If Adele could rap, she probably would have won that Grammy as well.
Sunday night's Grammy Awards made for interesting viewing, with Adele's sweep, some amazing tributes, performances, and a downright weird and horrible showing from Nicki Minaj.
Host LL Cool J opened up with a prayer for Whitney Houston, whose shocking death on February 11 cast a shadow over the proceedings, especially later in the evening, when Jennifer Hudson sang "I Will Always Love You" in tribute to the great Houston. Her death was hardly the only notable one, as the show paused to honor Etta James, Don Cornelius, Steve Jobs, and so many more. The scope of losses made the whole thing feel like a wake from time to time.
There were passionate performances -- like Adele and the Foo Fighters -- and then of course, there was that thing Nicki Minaj did, which boggled our minds.
The night started with Bruce Springsteen, bringing a kind of halftime heat to the stage. You've got to start with a solid performance like this when you're worried that America is going to flip the channel. (Oh, and, folks, that "Is anybody alive out there" is a Springsteen-staple, and should in no way be considered a tone-deaf reaction in light of Houston's death.)
Bruno Mars surprised me.
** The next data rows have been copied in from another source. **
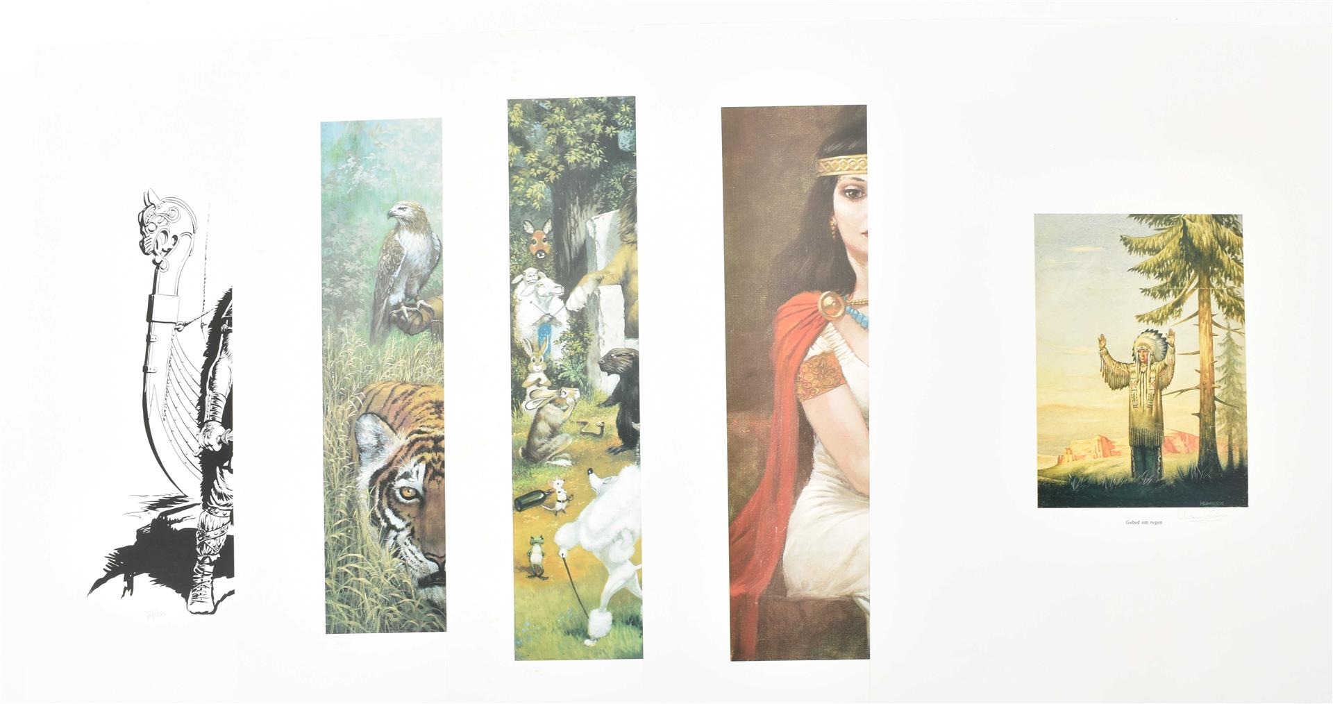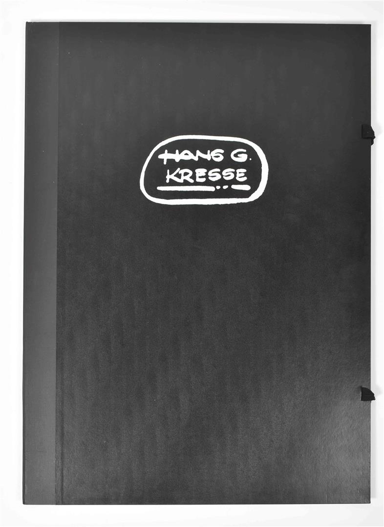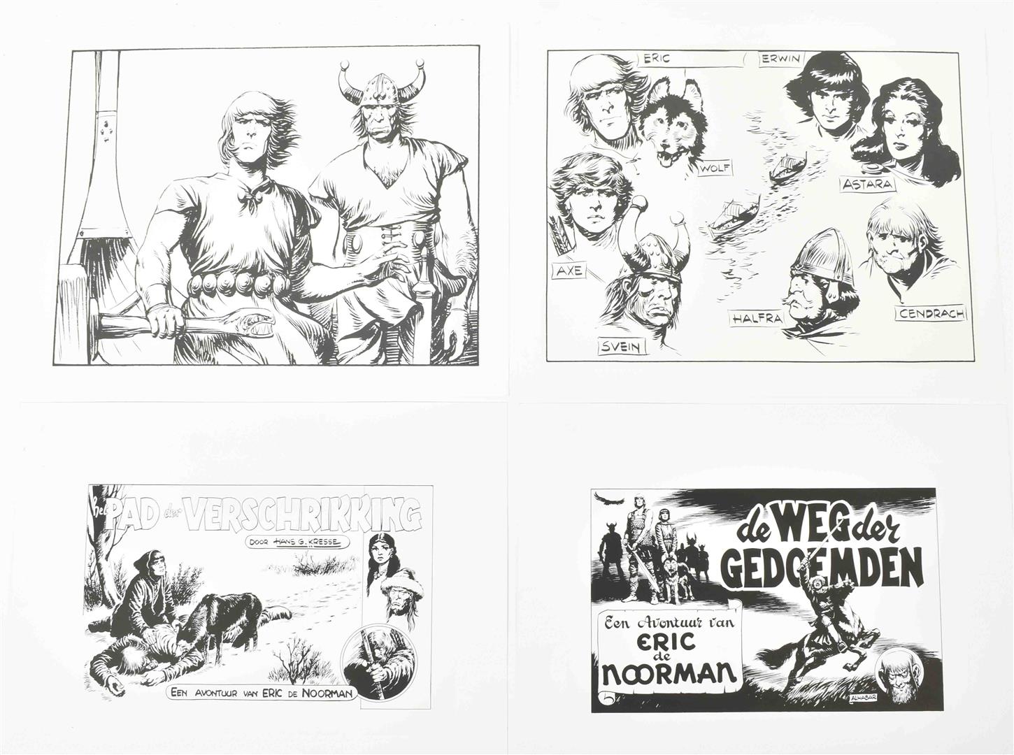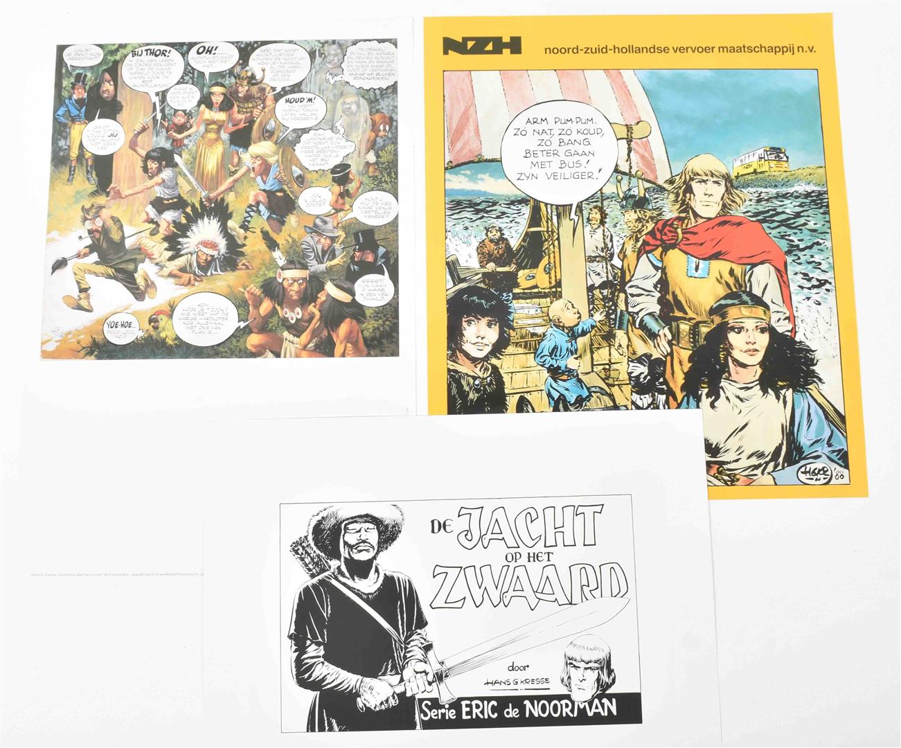 Stripgalerie Panda, 1988. Portfolio consisting of title leaf, 2 b/w screenprints and 7 full col. plates on art paper, each leaf signed and numb. (74/100) in pencil by Kresse. Together in orig. faux leather portfolio w. cl. ties, 71.5 x 51.5 cm. W. Eric de Noorman no. 12, De Heer der Heruli and De Gebroken Pijl, also signed and numb. (42/100) by Kresse. Excellent condition. Added: (1) 5 silkscreen prints by Kresse, all 40 x 50 cm and printed in 100 copies by Stichting de Kressekring, 1992. Excellent condition. (2) Eric de Noorman, nos. 1-11, Wolters-Noordhoff, 1969-72. -and 5 other Kresse prints and posters.
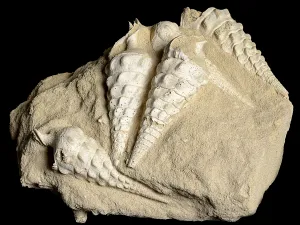 Les carrières du Cotentin ont livré par le passé une riche faune du Tertiaire. Avec la fermeture des carrières ces dernières décennies, ces couches sont peu à peu devenues inaccessibles. Datant de l’Eocene, ce remarquable ensemble de cinq Campanile estimé d’environ 55 millions d’années a été donné à la Ville du Havre par Olivier Gain. Ce paléontologue étudie et fouille tous les ans, à la recherche de ces coquillages Tertiaire.
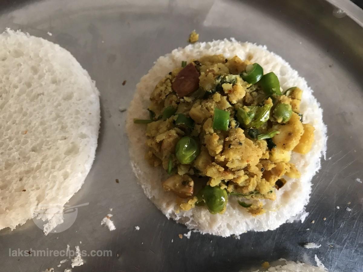 - Then take a spoonful stuffing prepared for bread kachori and place it at the centre of the bread piece.
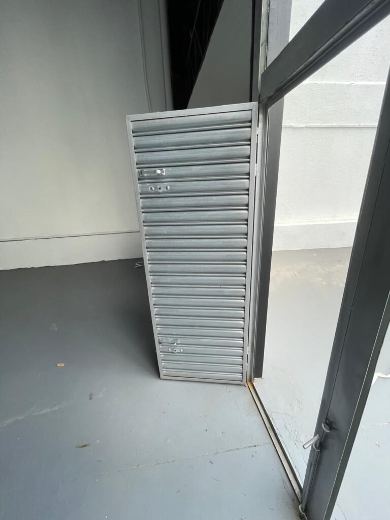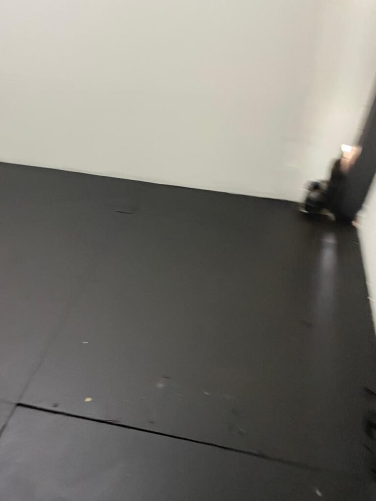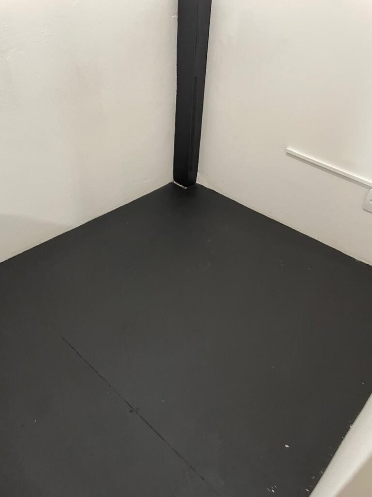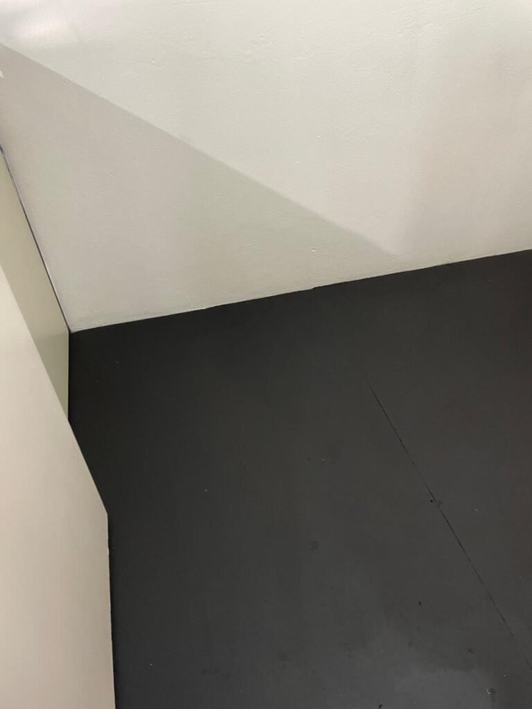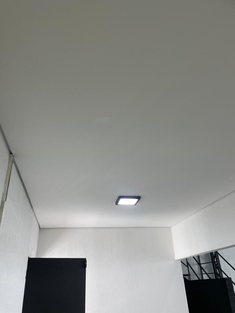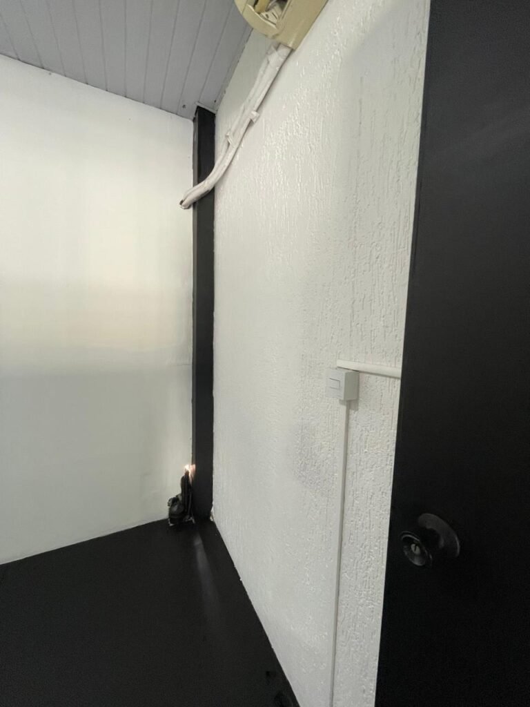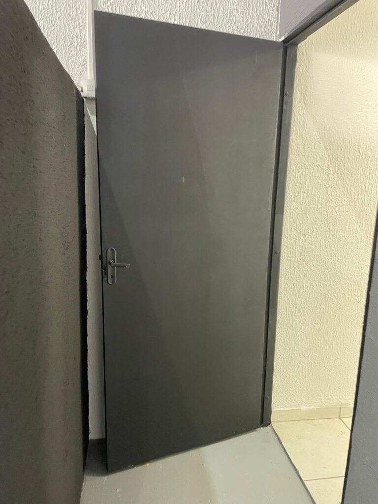 SALA 01-: Porta da divisória naval com pintura na cor preto nova e em ordem, com maçaneta com tranca embutida em ordem, piso de madeira com pintura na cor preta nova e em ordem, paredes com pintura na cor branco neve nova e em ordem, ar condicionado Rheem em ordem, divisória naval com porta cinza, janelas com 04 vidros lisos transparentes em ordem, 01 interruptor de luz, 02 tomadas duplas danificadas, 01 luminária plafon de sobrepor com Led em ordem, teto de PVC na cor branco em ordem.

It would be nice to hear the Bruno Mars that I saw and heard on the stage more so than the typical mainstream radio crud. Mars moved like James Brown and hit all the right notes. As for Chris Brown's performance? I couldn't stop laughing. Brown was all over the place. Literally. He was continuously jumping around, up, down, and side-to-side on blocks. He danced more than he sang, and I wouldn't be surprised if he were lip-synching. It felt more like a workout routine than a performance (although Brown did take home the R&B award -- I don't get it).
The duos of the night worked well. Jason Aldean and Kelly Clarkson took the stage, followed by Rihanna and Coldplay. All I kept thinking was "Wow, these artists match up so well together." The former makes perfect sense, but the latter was a little more off-kilter. Sure, RiRi shows up on Coldplay's latest, but the risky move of pairing them mostly worked for me.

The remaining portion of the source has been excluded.